The left panel shows the ratio of average demand to previous peak demand expressed  as a percentage.  The right panel shows the ratio of average demand to projected peak demand as a percentage. These measures provide bounds on the effective utilization rate of the grid, and point to annual declines of around 2% over the last 5 years. data from AEMO, image by Mike Sandiford

So how efficiently are we using our grid, and how has it changed?

The ratio of average demand in a given year to the past peak demand gives an upper limit on how effectively we are using the grid. That ratio has fallen by around 9% over the five years since 2006-07.

The ratio of average demand to projected peak growth gives a measure that accounts for likely grid investment in recent years. That ratio has fallen even faster, by a total of about 12% since 2006-07, and by about 2.5% in the last financial year.

Comparing average to expected peak demand provides only one relatively crude measure of just how we are utilizing our grid. A more comprehensive view is provided by looking into the details. For example, by asking how much of the time are we using the grid above a certain proportion of its capacity?

In Victoria, where we have seen projected peak demand rise at almost twice average demand, such an analysis leads to some worrying insights. Back in 1999-00 the grid was utilized for around 210 days at the 65% capacity level and above. In the last financial year, it was only being utilized at that level of projected capacity for about 6 days. That is a fall in utilization at that level of 97%. At the 75% capacity level, utilization of the Victorian grid has fallen over the same period from almost 71 days to about ¼ of a day.

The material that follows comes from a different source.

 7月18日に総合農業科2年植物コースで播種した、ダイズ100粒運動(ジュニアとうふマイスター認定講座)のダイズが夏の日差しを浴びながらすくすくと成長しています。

It is important to note these numbers are based on an estimated projected growth scenario, and will necessarily remain just estimates until the grid is next pushed to its limits. That is not likely until the next record breaking summer heat wave occurs, and in the face of falling average demand may not occur for many years to come.

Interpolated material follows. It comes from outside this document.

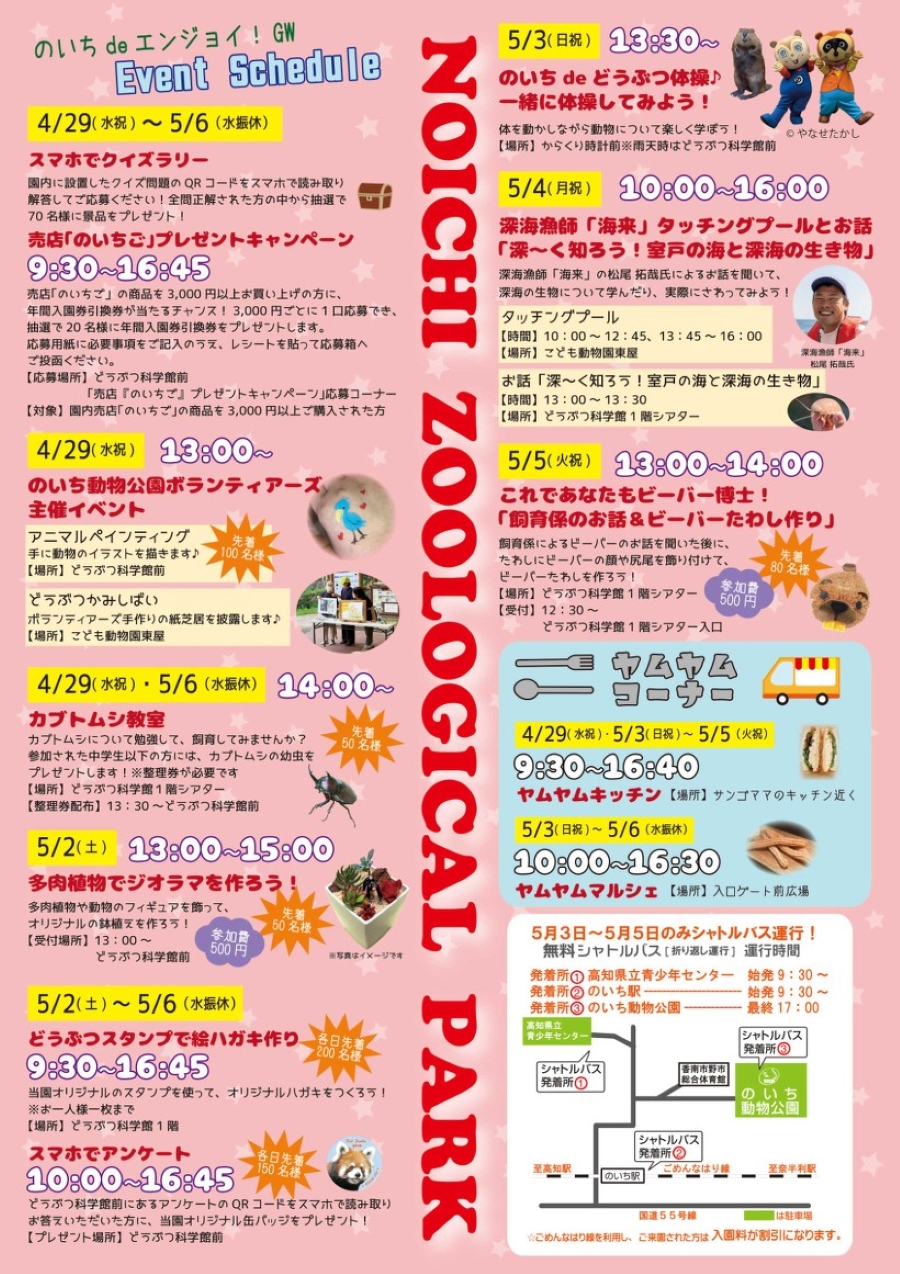 【2026年】香南市で4/29~5/6に「のいち de エンジョイ! GW 2026」(高知県立のいち動物公園)|カブトムシ教室、ワークショップ、グルメが楽しめます

With the caveat that we don’t have an absolute gold standard measure of the present capacity, these estimates do however confirm we are witnessing quite staggering reductions in the way we utilize the grid. And we are necessarily paying an increasing price to maintain the capacity of the grid in the expectation of what are very rare and increasingly uncertain peak demand events.

With all the trends heading in the wrong way, further falls in demand will necessarily reduce our utilization of the grid. So too will any further investment in grid capacity in the expectation of further peak demand growth.

It is fair to say this fall in average demand has blind-sided the power utilities, governments and market operators alike. None anticipated it, and all have taken a long time to acknowledge it, given it is now into its fourth or fifth year.

There is little to be done to turn around absolute demand, but various measures are available to curb peak demand growth. They include time-of-use pricing and distributed generation within the grid. More efficient standards on air conditioning will be essential. We will need to recognise that the cost of measures that push up peak loads, such as air conditioning, necessitate a grid upgrade. The cost of that upgrade is paid by all electricity consumers, and not just those who buy the air conditioners.

Perhaps there is hope in the reinvention of the power utilities themselves. In the face of falling demand, the utilities will need to realign their business models around energy services, rather than just electrical power. In an energy service model, managing the flow of electricity across the poles and wires will be crucial to enhancing profit margins. Gold-plating will be out of the question.

Such measures will provide the tools necessary to get some productivity back into the grid. If we don’t, then the problems in the grid will only get worse.